» **Task instructions**: Without the pictures, copy all of the data exactly.

» **Data extract**:
· · ·

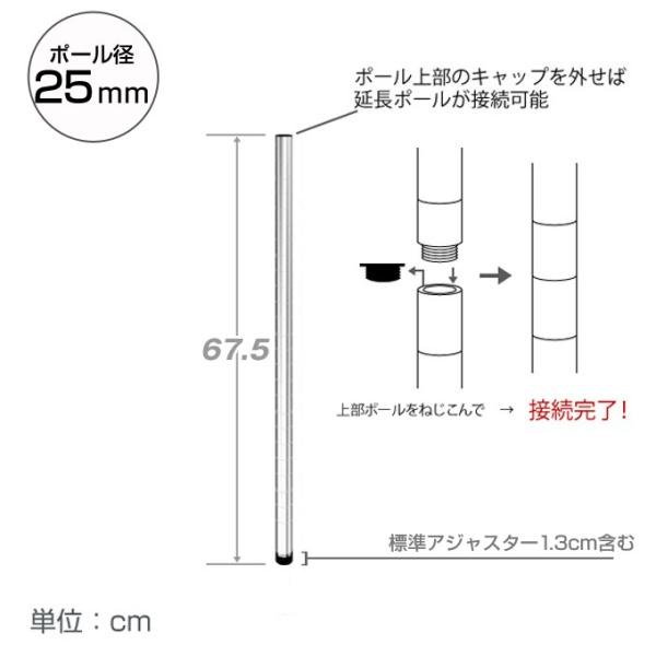 スチールラック パーツ ルミナス ラック ポール 基本ポール 1本 高さ67.5cm 25mm 25P070
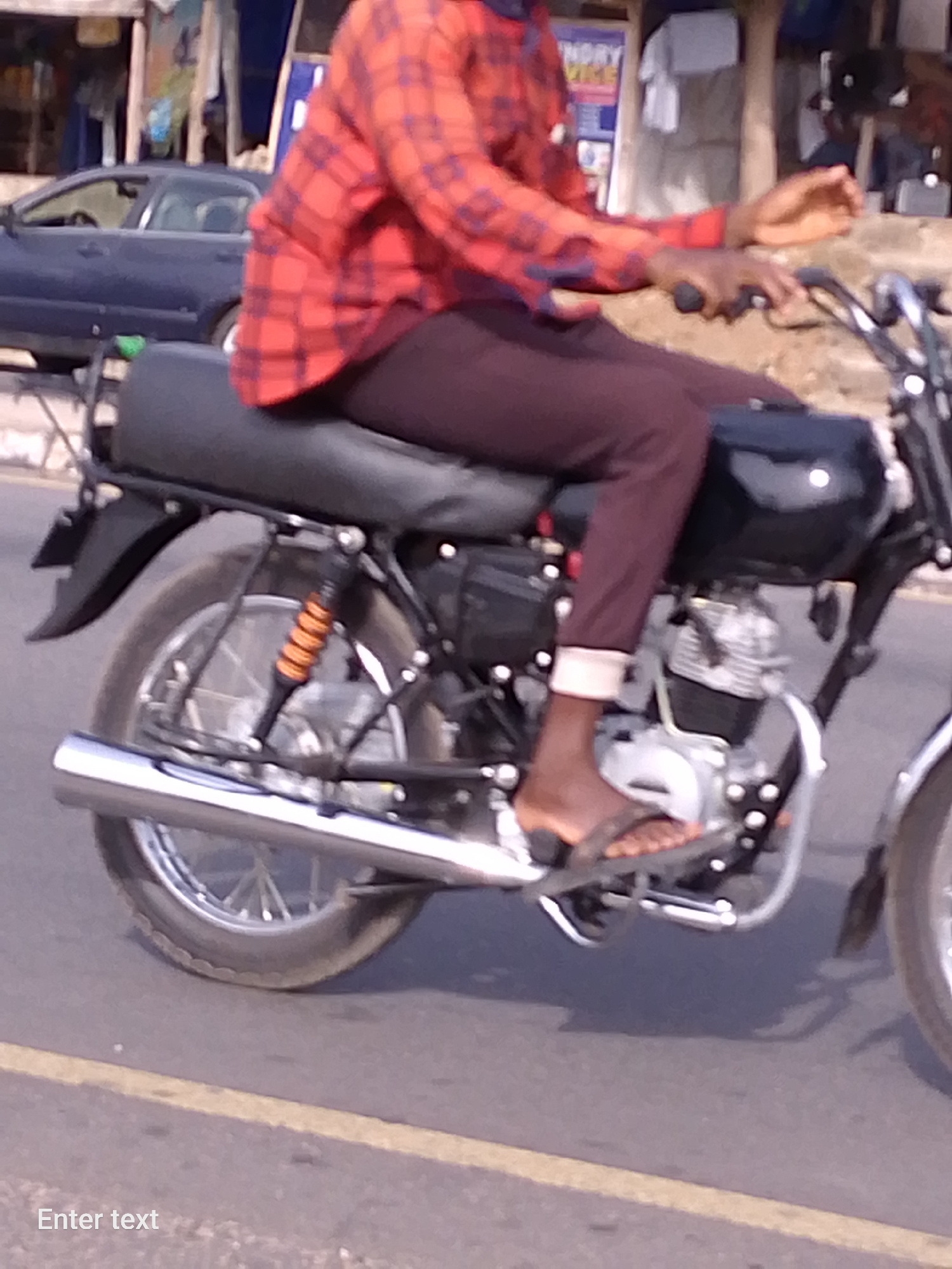A person wearing a red checkered shirt and maroon pants is riding a motorcycle on a paved road. The motorcycle has a black gas tank and seat, with chrome exhaust and fenders. The rider is wearing sand…read more
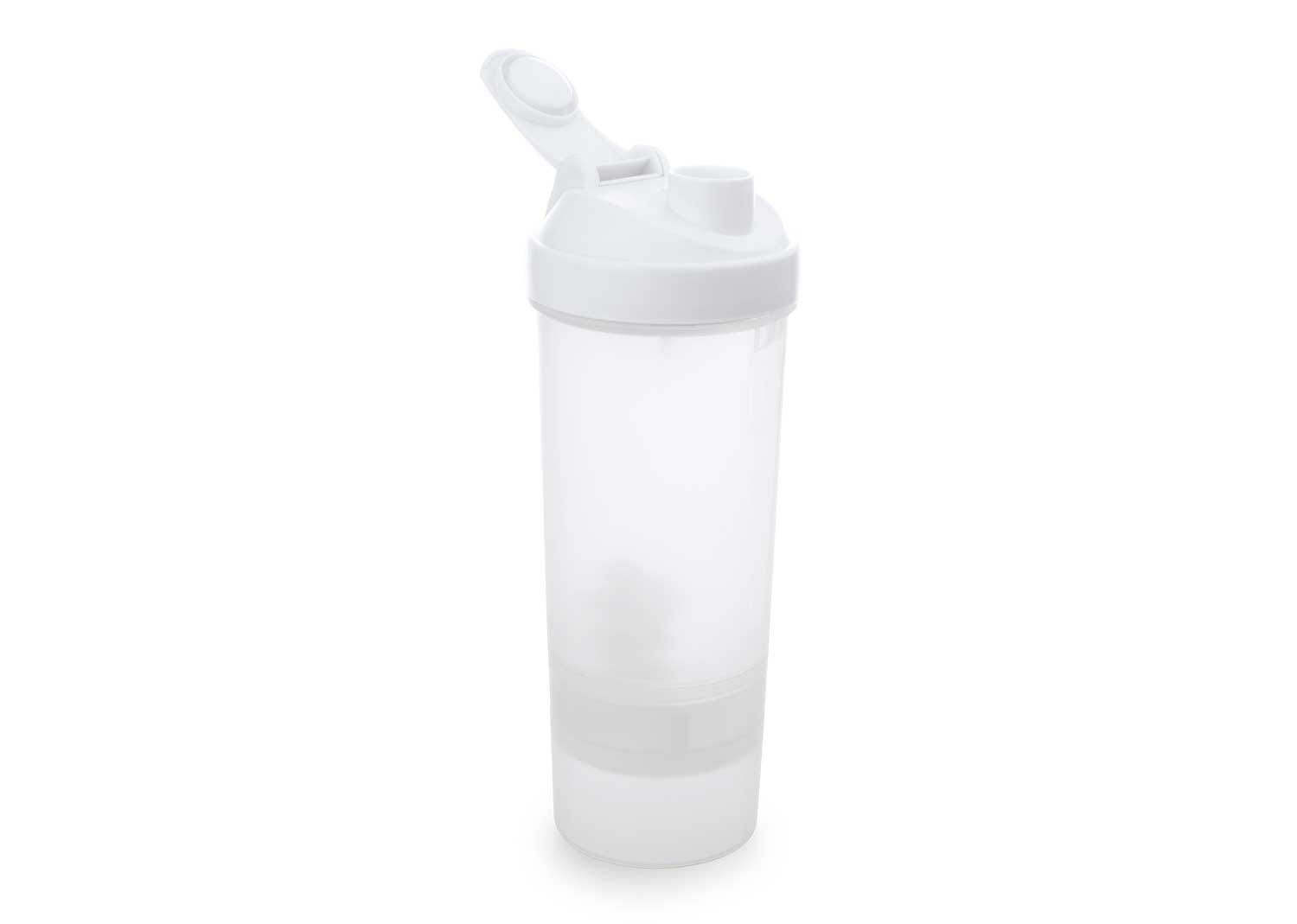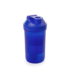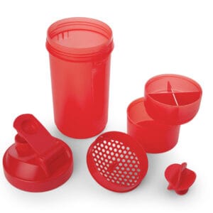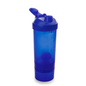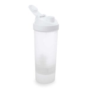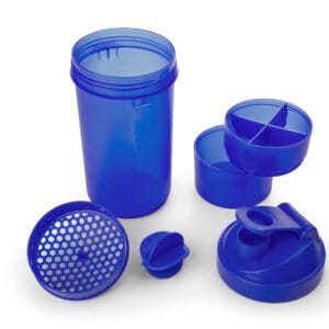 Botella con Shaker, colador, vaso y pastillero con compartimientos removibles. En PP, Libre de BPA, ftalatos u otras sustancias nocivas. No retiene ni transmite sabores u olores. Capacidad 500ml / 17 oz .

· · ·

» **Exercise solution**:
 スチールラック パーツ ルミナス ラック ポール 基本ポール 1本 高さ67.5cm 25mm 25P070
A person wearing a red checkered shirt and maroon pants is riding a motorcycle on a paved road. The motorcycle has a black gas tank and seat, with chrome exhaust and fenders. The rider is wearing sand…read more
 Botella con Shaker, colador, vaso y pastillero con compartimientos removibles. En PP, Libre de BPA, ftalatos u otras sustancias nocivas. No retiene ni transmite sabores u olores. Capacidad 500ml / 17 oz .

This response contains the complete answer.